Read a sample poem from Nova below. We’re also posting the finalist list again, with our thanks to everyone who submitted this year.
Dana Jaye Cadman is a poet, writer, and visual artist. She was born in Florida and grew up between Long Island and Upstate New York. She holds an MFA in Poetry from Rutgers-Newark and is an Assistant Professor and Director of Creative Writing at Pace University, Pleasantville. Her work appears or is forthcoming in Academy of American Poets’ Poem-A-Day, Allium, Conduit Magazine, Dialogist, Four Way Review, New England Review, North American Review, PRISM International, Raleigh Review, Southeast Review, The Glacier, The Saturday Evening Post, Third Coast Magazine, Vassar Review, and elsewhere, and has placed as finalist in the Jake Adam York Prize, Hollis Summers Poetry Prize, and Georgia Poetry Prize, Barry Hannah Prize for Fiction: Radical Futurism, Third Coast Poetry Contest, Atlanta Review International Poetry Prize, and Harbor Editions Laureate Prize, and shortlisted for the Letter Review Prize for Unpublished Novels. Nominations include Best Small Fictions for “The Machine” Okay Donkey Magazine and Best of the Net “Juniper” Pacifica Magazine. More at danajaye.com

Corpse The moon is doing that thing where you can see the dark parts of her body. Phantom. Shadow takes spotlight. The stars, if you unfocus, have pulses. Jupiter rips the dark mechanism of sky. Cornea. Light. You can tell re from a rock by the heartbeat. Heat flutters. That's how to find the planets in the night. It's hard to tell a meteor from a moth against the streetlamp periphery. Silhouettes. Still, the Perseids persist. The crescent never has been so slight before, has it? The stars turn off and on. Christmas garland coiling the abyss. Blackness, blackness, and then this. The moon continues to forget herself. Now she’s all almost gone: ash body of the cigarette. Remainder, reminder, I shouldn’t say corpse. I smoke everything I have to burn today. Delete you from the cell phone, the memory of my kitchen. The carpet, the window, the cats. from Atlanta Review (Finalist- International Poetry Competition)

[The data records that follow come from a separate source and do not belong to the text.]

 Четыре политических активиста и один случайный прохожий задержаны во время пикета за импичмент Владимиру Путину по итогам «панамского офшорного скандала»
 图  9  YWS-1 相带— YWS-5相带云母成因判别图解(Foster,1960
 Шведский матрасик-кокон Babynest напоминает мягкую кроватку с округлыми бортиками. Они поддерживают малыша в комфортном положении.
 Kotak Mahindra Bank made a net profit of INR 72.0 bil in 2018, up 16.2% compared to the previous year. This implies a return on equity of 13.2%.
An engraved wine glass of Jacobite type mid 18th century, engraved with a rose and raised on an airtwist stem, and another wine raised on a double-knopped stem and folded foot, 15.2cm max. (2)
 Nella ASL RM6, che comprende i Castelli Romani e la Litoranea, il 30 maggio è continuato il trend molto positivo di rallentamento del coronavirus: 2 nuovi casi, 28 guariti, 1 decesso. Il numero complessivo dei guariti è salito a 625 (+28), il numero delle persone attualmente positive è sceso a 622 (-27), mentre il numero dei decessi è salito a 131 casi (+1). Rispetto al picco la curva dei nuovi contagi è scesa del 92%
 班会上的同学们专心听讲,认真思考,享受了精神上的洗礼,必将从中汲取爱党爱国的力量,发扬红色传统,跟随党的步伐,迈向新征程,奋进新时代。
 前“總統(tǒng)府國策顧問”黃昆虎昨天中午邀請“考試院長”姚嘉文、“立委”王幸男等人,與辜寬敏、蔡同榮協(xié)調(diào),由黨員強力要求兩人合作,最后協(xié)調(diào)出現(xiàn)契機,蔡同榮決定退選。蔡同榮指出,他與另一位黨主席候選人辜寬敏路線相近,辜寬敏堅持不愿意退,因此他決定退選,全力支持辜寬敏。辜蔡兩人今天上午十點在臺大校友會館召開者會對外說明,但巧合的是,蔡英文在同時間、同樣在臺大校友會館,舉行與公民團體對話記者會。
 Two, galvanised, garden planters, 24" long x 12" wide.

We’d like to thank all of our contestants, editors, readers, and everyone who continues to support 42 Miles Press and The 42 Miles Press Poetry Award. Please join us in congratulating our winner, Dana Jaye Cadman, our runners-up: Michelle Alexander, Mary Ardery, and Bruce Bond, and all of our incredible finalists.
The 2024 42 Miles Poetry Award Finalists
Dana Jaye Cadman: Nova (Winner)
Michelle Alexander: Mistook for Language (First runner-up)

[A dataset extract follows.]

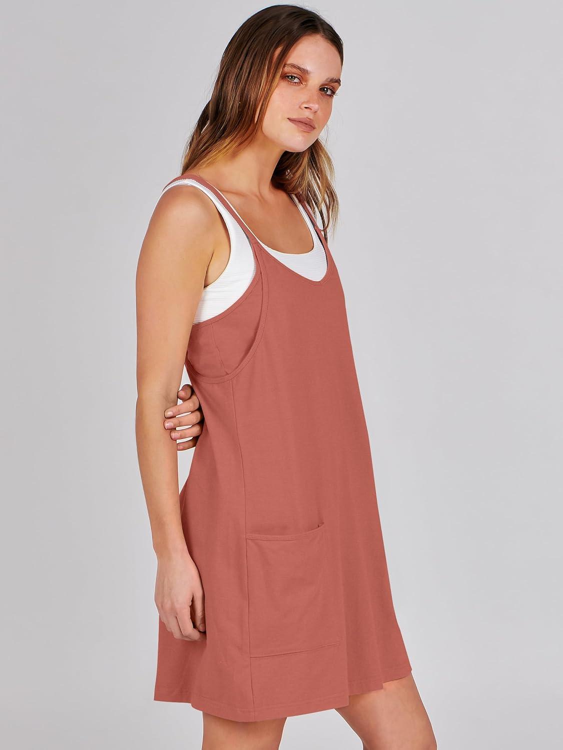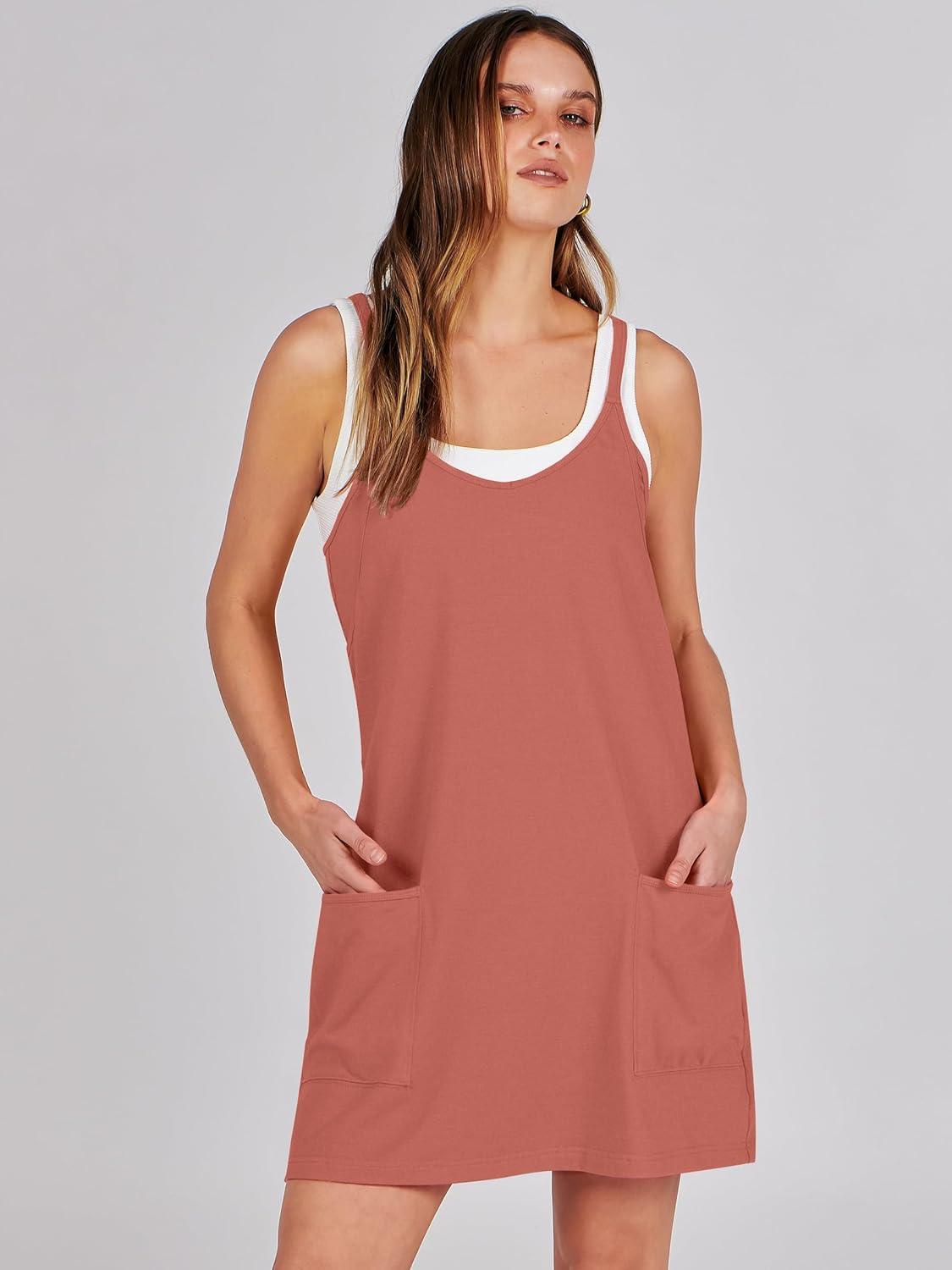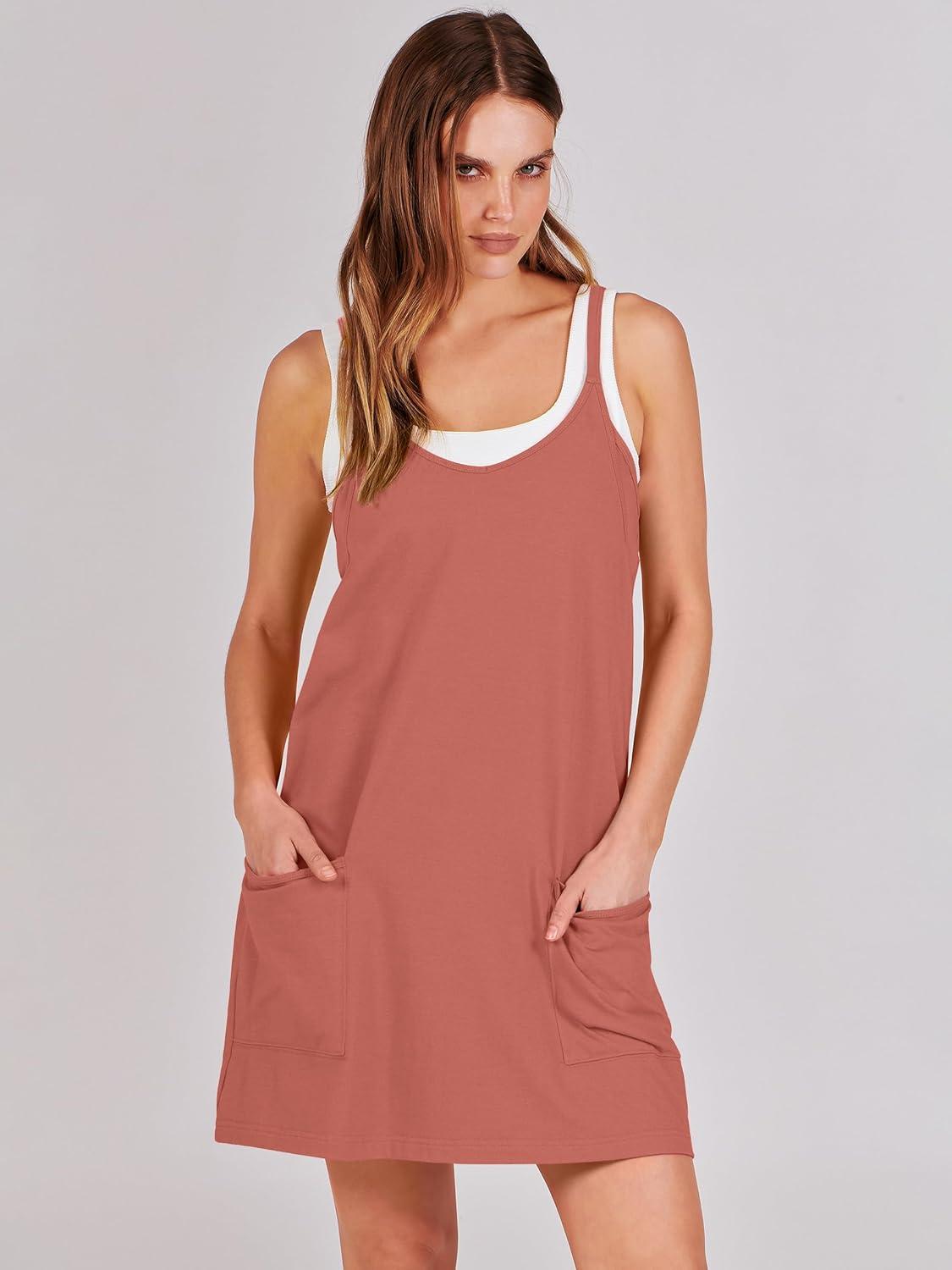 ANRABESS Women Athletic Dress Summer Tennis Workout Active Sports Mini Romper Dress Built in Shorts Travel Vacation Clothes(Rust)

Mary Ardery: Vigil (Second runner-up)
Bruce Bond: Fathom (Third runner-up)
Aimee Noel: Continue as Guest
Judy Ireland: How to Drag the River for Your Own Body
Kai-Lilly Karpman: The Life Cycle of Cruelty
Justin Hunt: Requiem in Wide-Open Minor
Patty Seyburn: Amulet, Cruller, Pelican, Kumquat
Jennifer S Flescher: You Will Not be in My Obituary
Steve Langan: Wash N Fold
Lesle Lewis: Wolf
Dalton Day: Our Immoveable Error
Joseph Goosey: Climate Denial for Lovers
Ned Balbo: Oblivion’s Heros
Liza Wolf-Francis: Body Cartography
C. Mikal Oness: Works and Days
Sarah Elkins: A Suggestion of Fishes
Kevin Clark: Beyond Reach
Maureen Mulhern: Covenant
Emily Banks: Doll Fire
David Hopes: North-flowing River
Babette Cieskowski: Blood in the Garden
Arthur Vogelsang: Smooth Side, Rough Side
Talia Bloch: How We Keep Each Other Company
bill rector: Windsock After a Rocket
John Tobin: Willowwacks
Edison Dupree: Miracle Soap
Matthew Valades: Animosity Garden
Kate Northrup: As for the Day after Tomorrow, This Is the Day after Tomorrow
Gigi Marks: Wake robin
Ruth Williams: Projective Force
Philip Sterling: Words Frequently Confused
Daniel Coudriet: Museum People
Ben Pease: Death Refractions
Lane Falcon: Deep, Blue Odds
Nicelle Davis: How Does Your Garden Grow?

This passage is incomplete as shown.